Humana Inc. (HUM) has underperformed the broader S&P 500 (^GSPC) over the past 12 months, with a 6.3% decline in share price compared to the index’s 12.8% gain. The healthcare sector’s resilience has not fully translated to Humana’s stock performance.

  • Humana (HUM) declined 6.3% over the past 12 months, compared to a 12.8% gain in the S&P 500 (^GSPC)

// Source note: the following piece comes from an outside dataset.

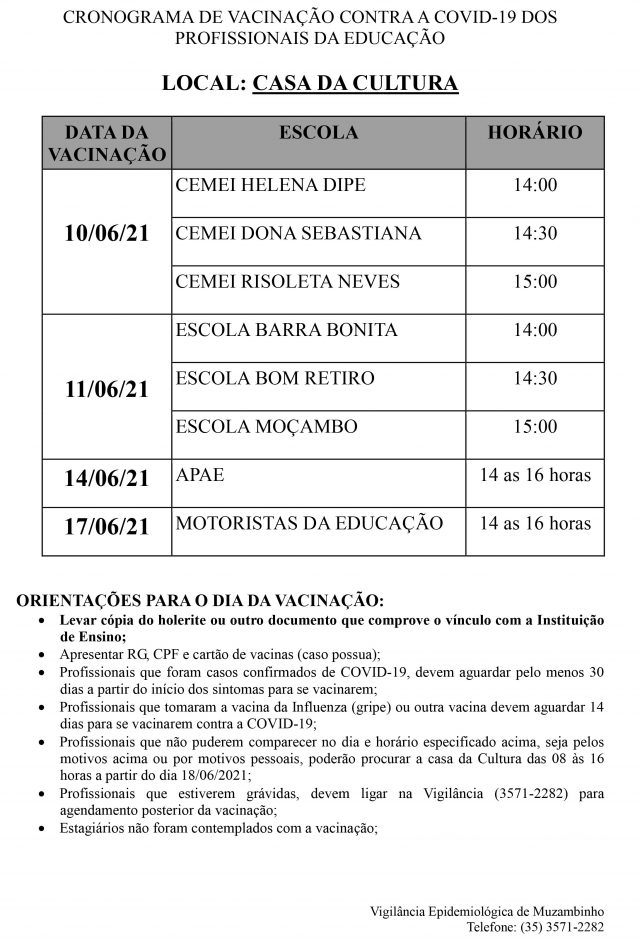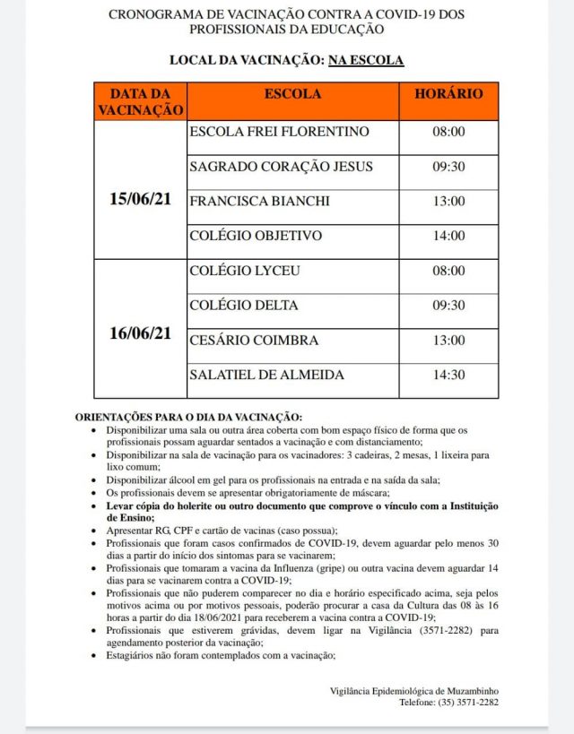 Mais Artigos DestaqueEsportesEventos e FestasNossa Cidade 1ª Corrida Amor Azul mobiliza comunidade em Muzambinho e reforça conscientização sobre o autismo AgronegócioDestaqueEducaçãoNossa Cidade ENCONTEC 2026 movimenta Muzambinho com inovação, tecnologia e integração entre comunidade e estudantes DestaqueObituário Faleceu aos 69 anos a Sra. Aparecida Alves Ribeiro LopesDestaqueNossa CidadeSaúdeMuzambinho está vacinando os Profissionais da Educação contra Covid-19. Redação11 de junho de 20211min0Acesse e Confira o Cronograma, locais e orientações gerais. Post Views: 803EducaçãoProfessoresVacina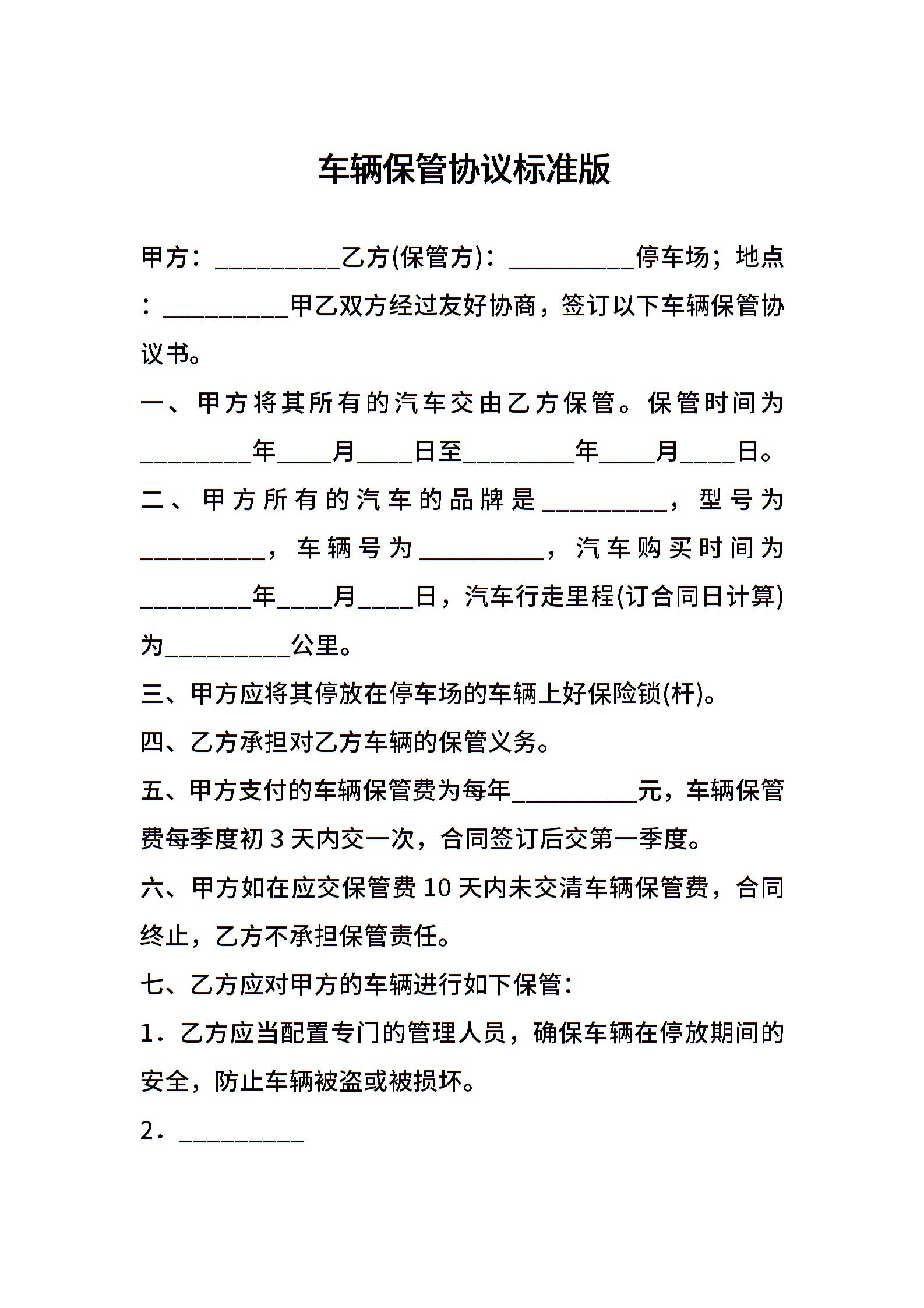 车辆保管协议标准版

  • Healthcare sector average return: 10.2% over the same period
  • HUM's trailing P/E ratio: 15.3, below the sector average of 17.1
  • Year-to-date HUM return: +1.7%, S&P 500: +4.5%
  • Upcoming Q4 earnings report scheduled for April 2026
  • Key risk factors include Medicare pricing pressures and enrollment growth

Humana Inc. (HUM) has trailed the S&P 500 (^GSPC) over the past year, posting a 6.3% decrease in share value as of March 9, 2026. In contrast, the S&P 500 gained 12.8% during the same period, highlighting a notable divergence in performance despite the healthcare sector’s overall positive momentum. This underperformance stands out given Humana’s position as a major player in Medicare Advantage and managed care services. The healthcare sector, which includes peers like UnitedHealth Group (UNH) and CVS Health (CVS), delivered an average return of 10.2% over the same timeframe, suggesting the issue may be company-specific rather than industry-wide. Factors such as regulatory scrutiny, pricing pressures on Medicare contracts, and elevated operating costs have contributed to investor caution surrounding HUM. Year-to-date, HUM has risen 1.7%, while the S&P 500 is up 4.5%, further illustrating a widening gap in momentum. The stock's trailing P/E ratio of 15.3 is below the sector average of 17.1, signaling potential undervaluation, though concerns over near-term growth trajectory remain. Investors and analysts are closely monitoring Humana's upcoming Q4 earnings report, scheduled for April 2026, as a potential inflection point. Any guidance on enrollment growth, medical cost trends, or changes in federal contract renewals could reshape sentiment.